- Exercise directions: Output, word for word, the lines of this listing that fall between the line with "KH-516-C21,22 KH-516L-C21,22 원형" and the line with "7. Αναπαράσταση σπιτιού", counting both of those lines, and no others.

- Dataset extract:
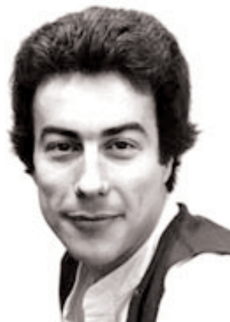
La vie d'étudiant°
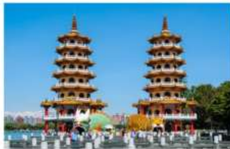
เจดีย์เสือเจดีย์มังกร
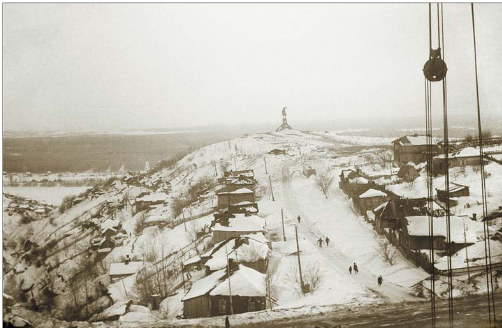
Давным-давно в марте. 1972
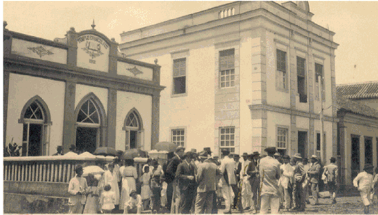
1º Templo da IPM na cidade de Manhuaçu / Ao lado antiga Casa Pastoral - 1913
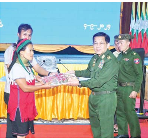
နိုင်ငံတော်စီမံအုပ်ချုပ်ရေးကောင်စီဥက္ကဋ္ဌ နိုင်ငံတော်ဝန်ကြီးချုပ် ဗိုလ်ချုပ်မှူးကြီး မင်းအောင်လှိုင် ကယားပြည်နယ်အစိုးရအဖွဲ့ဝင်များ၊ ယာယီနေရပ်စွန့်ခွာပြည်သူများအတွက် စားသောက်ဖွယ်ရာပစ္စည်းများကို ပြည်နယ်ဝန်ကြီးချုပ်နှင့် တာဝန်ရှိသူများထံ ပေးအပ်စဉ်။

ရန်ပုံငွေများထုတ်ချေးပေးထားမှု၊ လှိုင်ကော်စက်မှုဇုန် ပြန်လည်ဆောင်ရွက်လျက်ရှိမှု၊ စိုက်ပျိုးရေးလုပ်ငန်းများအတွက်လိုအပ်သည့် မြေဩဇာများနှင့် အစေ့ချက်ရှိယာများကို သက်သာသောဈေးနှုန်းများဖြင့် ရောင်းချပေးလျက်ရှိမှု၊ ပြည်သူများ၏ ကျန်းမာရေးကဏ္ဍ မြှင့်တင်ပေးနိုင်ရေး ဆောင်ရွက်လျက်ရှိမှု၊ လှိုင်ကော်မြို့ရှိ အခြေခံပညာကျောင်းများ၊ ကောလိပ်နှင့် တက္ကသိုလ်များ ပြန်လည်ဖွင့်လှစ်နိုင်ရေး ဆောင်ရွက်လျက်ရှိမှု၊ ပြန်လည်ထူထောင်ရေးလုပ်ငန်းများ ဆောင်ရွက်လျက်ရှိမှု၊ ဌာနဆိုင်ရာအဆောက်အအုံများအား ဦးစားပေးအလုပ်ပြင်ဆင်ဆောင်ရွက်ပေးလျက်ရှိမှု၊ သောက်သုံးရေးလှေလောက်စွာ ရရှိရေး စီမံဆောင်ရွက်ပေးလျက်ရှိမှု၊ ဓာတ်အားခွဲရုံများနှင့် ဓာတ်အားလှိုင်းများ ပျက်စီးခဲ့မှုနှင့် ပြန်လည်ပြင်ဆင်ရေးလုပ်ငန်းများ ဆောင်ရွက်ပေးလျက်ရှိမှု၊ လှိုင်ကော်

--

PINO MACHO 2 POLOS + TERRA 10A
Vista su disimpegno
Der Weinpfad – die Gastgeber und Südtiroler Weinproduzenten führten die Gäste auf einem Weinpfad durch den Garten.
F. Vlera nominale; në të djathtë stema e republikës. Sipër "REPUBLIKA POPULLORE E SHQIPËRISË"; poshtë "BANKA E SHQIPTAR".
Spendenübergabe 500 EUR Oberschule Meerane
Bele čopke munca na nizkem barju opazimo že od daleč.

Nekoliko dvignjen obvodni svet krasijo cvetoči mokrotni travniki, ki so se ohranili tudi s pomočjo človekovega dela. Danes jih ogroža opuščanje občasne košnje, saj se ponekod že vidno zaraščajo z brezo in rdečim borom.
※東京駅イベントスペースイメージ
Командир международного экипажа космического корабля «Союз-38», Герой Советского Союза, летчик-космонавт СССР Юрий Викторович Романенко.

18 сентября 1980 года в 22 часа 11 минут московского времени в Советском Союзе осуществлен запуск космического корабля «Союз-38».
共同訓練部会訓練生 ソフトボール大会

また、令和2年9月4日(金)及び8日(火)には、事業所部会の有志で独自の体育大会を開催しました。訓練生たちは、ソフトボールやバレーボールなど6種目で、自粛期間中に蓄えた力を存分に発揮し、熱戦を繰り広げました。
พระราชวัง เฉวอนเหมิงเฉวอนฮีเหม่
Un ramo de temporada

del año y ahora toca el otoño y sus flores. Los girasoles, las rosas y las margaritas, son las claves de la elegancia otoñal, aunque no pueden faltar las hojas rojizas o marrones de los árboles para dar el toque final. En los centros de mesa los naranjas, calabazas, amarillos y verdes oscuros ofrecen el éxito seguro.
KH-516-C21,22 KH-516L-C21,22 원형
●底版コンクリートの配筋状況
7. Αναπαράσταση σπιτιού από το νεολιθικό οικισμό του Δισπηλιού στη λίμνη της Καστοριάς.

- Answer box:
KH-516-C21,22 KH-516L-C21,22 원형
●底版コンクリートの配筋状況
7. Αναπαράσταση σπιτιού από το νεολιθικό οικισμό του Δισπηλιού στη λίμνη της Καστοριάς.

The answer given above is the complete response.